Because no partitioner is passed to reduceByKey, the default partitioner will be used, resulting in rdd1 and rdd2 both hash-partitioned. These two reduceByKeys will result in two shuffles. If the RDDs have the same number of partitions, the join will require no additional shuffling. Because the RDDs are partitioned identically, the set of keys in any single partition of rdd1 can only show up in a single partition of rdd2. Therefore, the contents of any single output partition of rdd3 will depend only on the contents of a single partition in rdd1 and single partition in rdd2, and a third shuffle is not required.
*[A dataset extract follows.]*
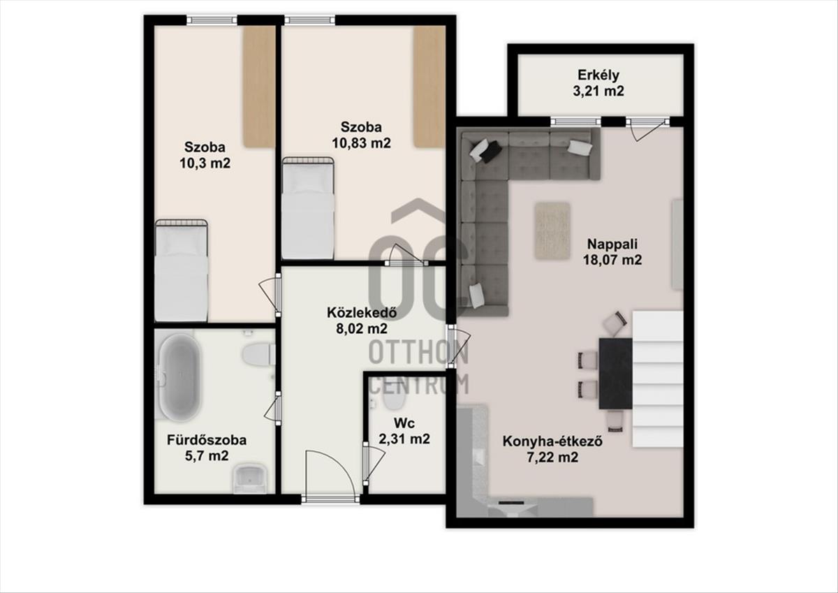 A hirdetésben szereplő lakás 62 négyzetméter lakótérrel rendelkezik, amelyhez kapcsolódik egy 8 négyzetméter alapterületű galéria. a lakás többek között magába foglal egy kényelmes méretű nappali-étkező-konyhát, három hálószobát és egy fürdőszobát.

For example, if someRdd has four partitions, someOtherRdd has two partitions, and both the reduceByKeys use three partitions, the set of tasks that execute would look like:

What if rdd1 and rdd2 use different partitioners or use the default (hash) partitioner with different numbers partitions?  In that case, only one of the rdds (the one with the fewer number of partitions) will need to be reshuffled for the join.

Same transformations, same inputs, different number of partitions:

One way to avoid shuffles when joining two datasets is to take advantage of broadcast variables. When one of the datasets is small enough to fit in memory in a single executor, it can be loaded into a hash table on the driver and then broadcast to every executor. A map transformation can then reference the hash table to do lookups.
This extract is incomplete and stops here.